HaoZhang534 commented 1 year ago

Hi @weicheng113, I suggest you visualize the predictions on the validation set to see wether the problem is on the model or the evaluator.

weicheng113 commented 1 year ago

Hi @HaoZhang534 , thanks a lot. I got it working by using MeanAveragePrecision from torchmetrics, which has simpler interface. I will continue with training. When I get more metrics information, I will ask for your advice with finetuning.

weicheng113 commented 1 year ago

@HaoZhang534 may I ask for your suggestion.

I have a dataset about 1,100 examples, 20% for validation and 80% for training. The dataset only has two categories, 0 and 1.

Below is the histogram of number of instances in each image file. Most of them has two objects in an image and maximum 4 objects in an image.

Category 1 has much less instances than category 0 as shown below, which I think it is ok for focal loss.

=========

I tried with the following configuration.

num_queries: 40
num_dn_queries: 10(if there is 2 instances in an image, it will have 5 DN groups - 5* [2 * 2])
num_select: 20 ( select top 20 confident prediction for validation)
num_epoch: 50 ( with StepLR(optimizer=optimizer, step_size=20) )
train_batch_size: 2
gradient_accumulation_steps: 1 (only on single gpu machine. doing gradient decent at every step).

After 50 epochs, I got below, which is not as good as our YOLOv5 version:

Epoch 49: 100%|██████████| 912/912 [07:43<00:00,  1.97it/s, loss=5.56, v_num=46, lr=1e-6, loss_class=0.013, loss_bbox=0.0112, loss_giou=0.142, val_loss=2.130]

{'map': tensor(0.7773),
 'map_50': tensor(0.9670),
 'map_75': tensor(0.9138),
 'map_large': tensor(0.8001),
 'map_medium': tensor(0.4979),
 'map_per_class': tensor(-1.),
 'map_small': tensor(-1.),
 'mar_1': tensor(0.5967),
 'mar_10': tensor(0.8588),
 'mar_100': tensor(0.8595),
 'mar_100_per_class': tensor(-1.),
 'mar_large': tensor(0.8821),
 'mar_medium': tensor(0.5853),
 'mar_small': tensor(-1.)}

======= After looking the above instance stats, I am thinking having experiments with the following two configuratiion:

num_queries: 60
num_dn_queries: 16(if there is 2 instances in an image, it will have 8 DN groups - 8* [2 * 2])
num_select: 6 ( instead of using 4, leaving a bit room)
num_epoch: 50 ( with StepLR(optimizer=optimizer, step_size=20) )
train_batch_size: 2
gradient_accumulation_steps: 1 (only on single gpu machine. doing gradient decent at every step).

num_queries: 60
num_dn_queries: 16(if there is 2 instances in an image, it will have 8 DN groups - 8* [2 * 2])
num_select: 6 ( instead of using 4, leaving a bit room)
num_epoch: 50 ( with StepLR(optimizer=optimizer, step_size=20) )
train_batch_size: 2
gradient_accumulation_steps: 3 (only on single gpu machine. doing gradient decent at every 3 steps).

Any advice is highly appreciated.

Thanks, Cheng

HaoZhang534 commented 1 year ago

Is the mAP 0.777% or 77.7%? Given that you have at most 4 instances per image.

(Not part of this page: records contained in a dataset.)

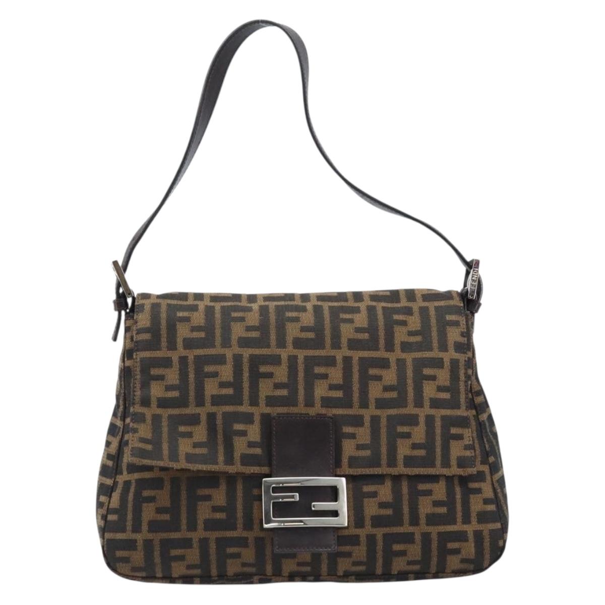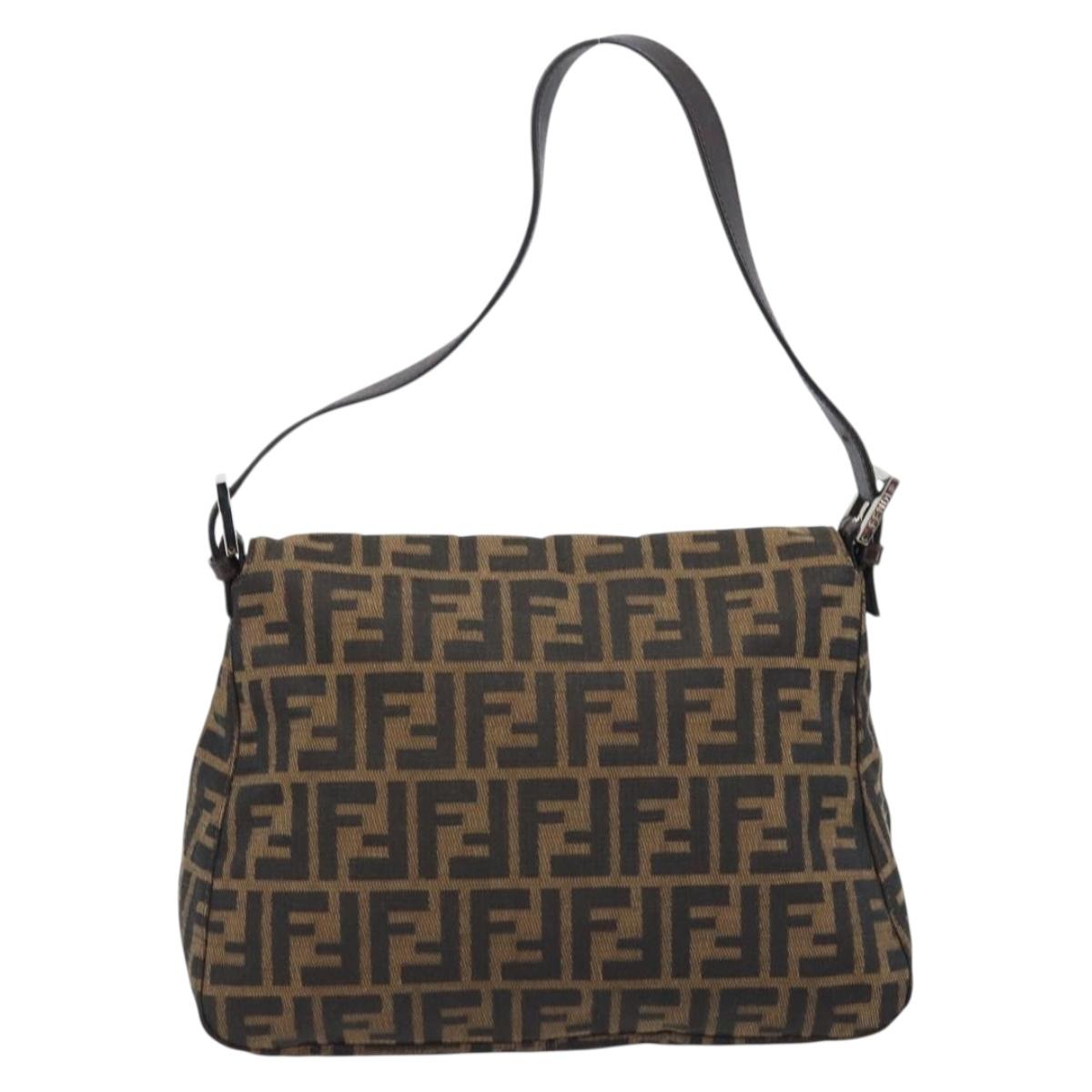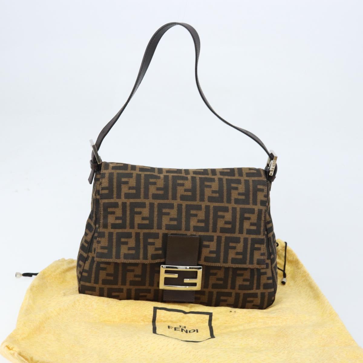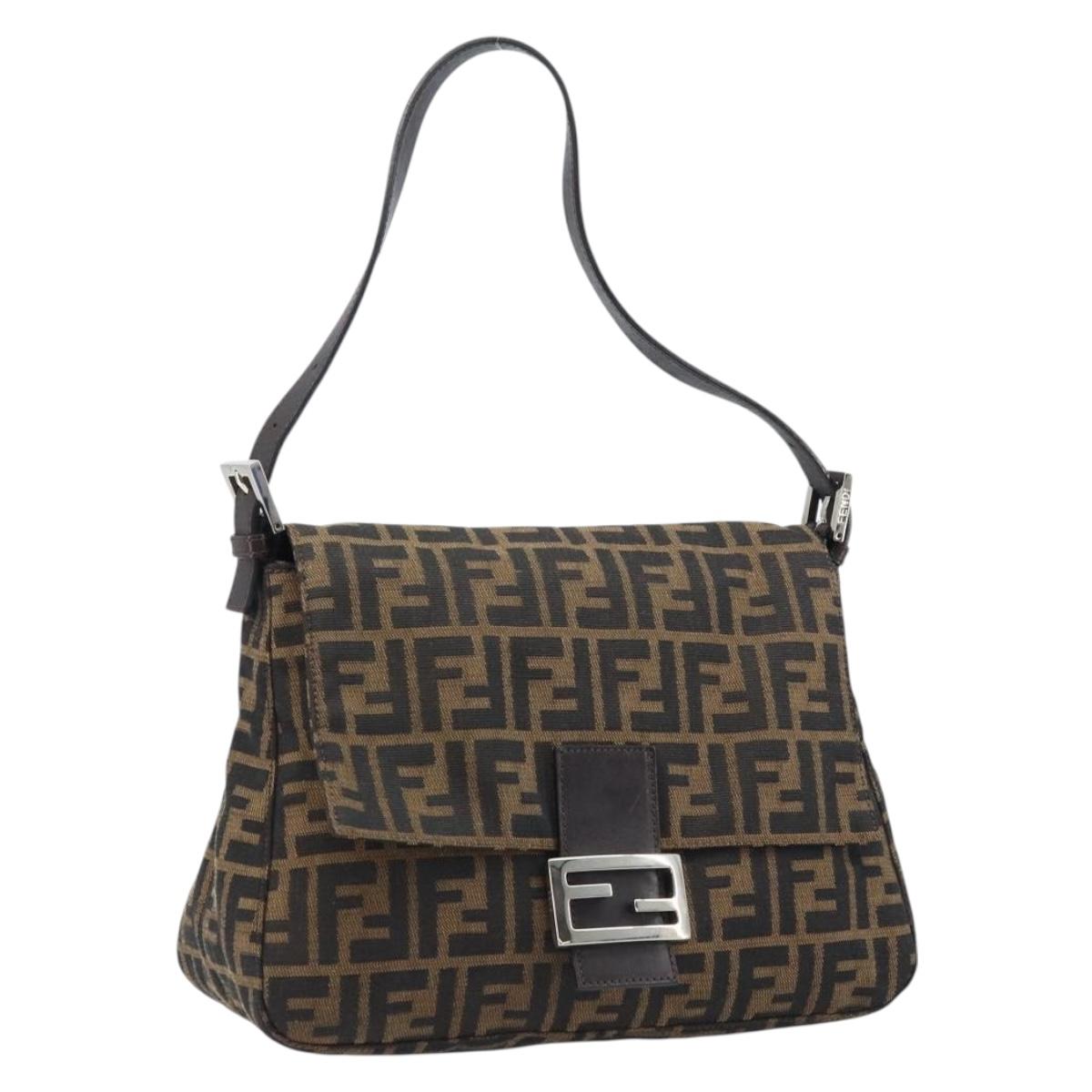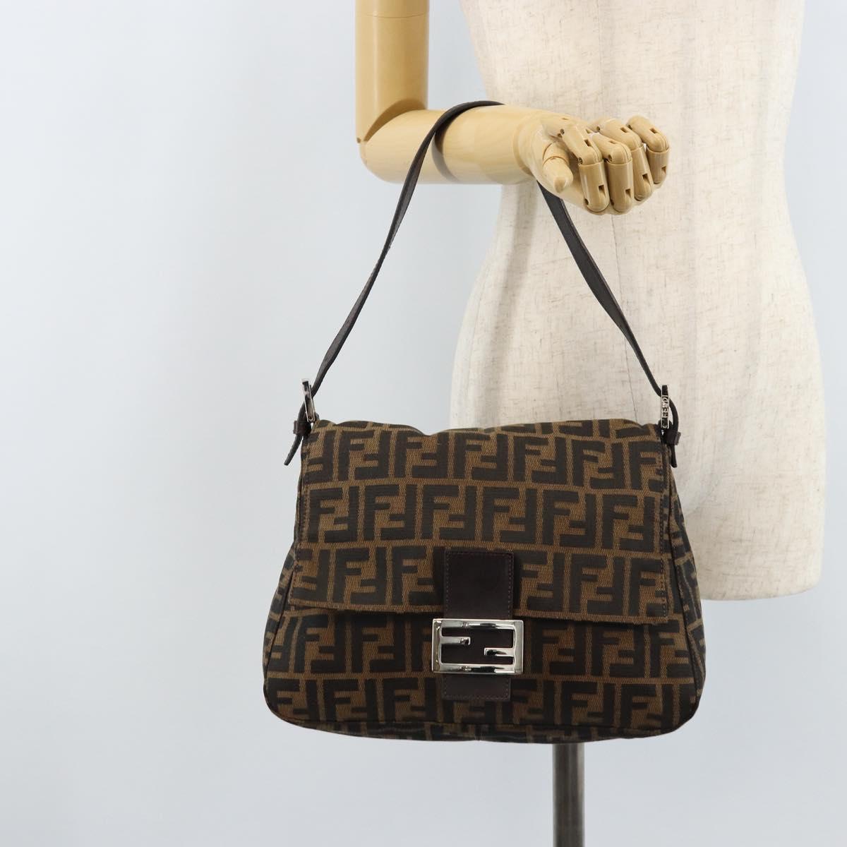 FENDI Zucca Canvas Mamma Baguette Shoulder Bag Brown Black Silver Auth ki6566SAV
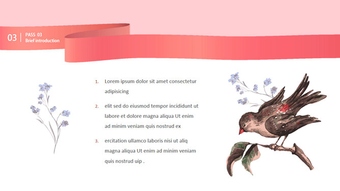 小清新复古欧式花鸟PPT模板。一套小清新风格幻灯片模板,欧式复古花鸟装饰,粉色系配色,适合女生使用。
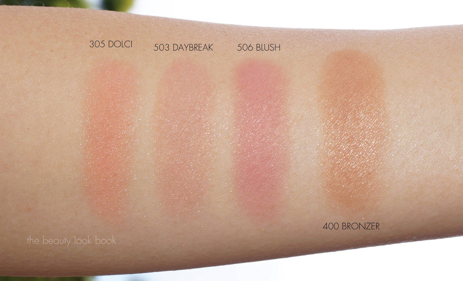 Swatch comparisons in three sets, first peach comparisons, pink comparisons then bronzer comparisons. Below you can see how luminous the Cheek Fabrics are – they are sheer but buildable in color. Those who liked the older blush formula know they have a similar natural look but these have a bit more color which I really like.
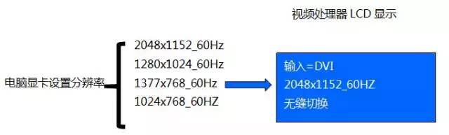 2.電腦顯卡的輸出分辨率設(shè)置不同的值,處理器LCD顯示的輸入分辨率都是一個(gè)固定值。如:一直顯示2048x1152_60Hz
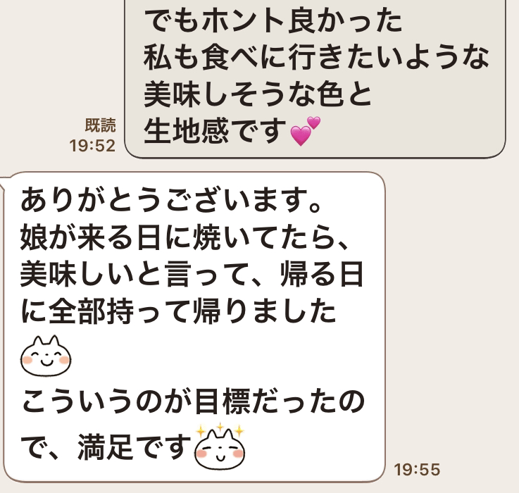 「あの配合と、分かりやすい動画だけで、何とか自分のものにすることが出来そうです。今では他のフレーバーでもアレンジしていて、周りの知り合いからも、今では小麦粉よりも米粉の方が高評価なんです!」
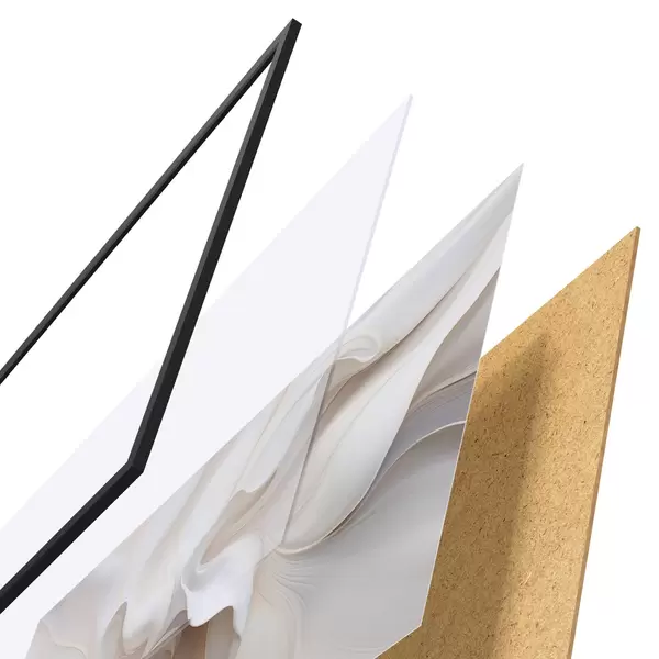 Plagát sa skladá z rámu, plexiskla, vytlačeného obrazu a podkladu z drevotriesky. Plagát možno okamžite zavesiť na stenu vďaka úchytom na zadnej strane.

You can use small num_queries such as 40. num_select can be set larger such as 40. You can also load our coco pre-trained model to fine-tune the model on your dataset.

weicheng113 commented 1 year ago

@HaoZhang534 Thanks a lot. mAP is 77.7%.

Could you explain why to use larger num_select? I thought num_select should be close to max number of instances?

Good suggestion. I will try with pre-trained model out.

I found that the model did not do well on category 1(which has less instances). It also has overlapping predictions, two similar bounding boxes predicted(which is a bit surprise, as CDN is created to eliminate similar predictions).

Thanks, Cheng

HaoZhang534 commented 1 year ago

@weicheng113 Larger num_select usually leads to higher AP. About category 1, you may try some tricks to balance the proportions of the two categories. For example, you can add some copies of images from category 1 in the training data.

weicheng113 commented 1 year ago

@HaoZhang534 Thanks for the explanation. For final inference, is there a rule to pick the confidence_threshold? I saw 0.5 as default in detrex and 0.3 in DINO repo.

HaoZhang534 commented 1 year ago

@weicheng113 Which confidence_threshold do you mean? We do not use confidence_threshold to evaluate. We use confidence_threshold=0.3 for visualization.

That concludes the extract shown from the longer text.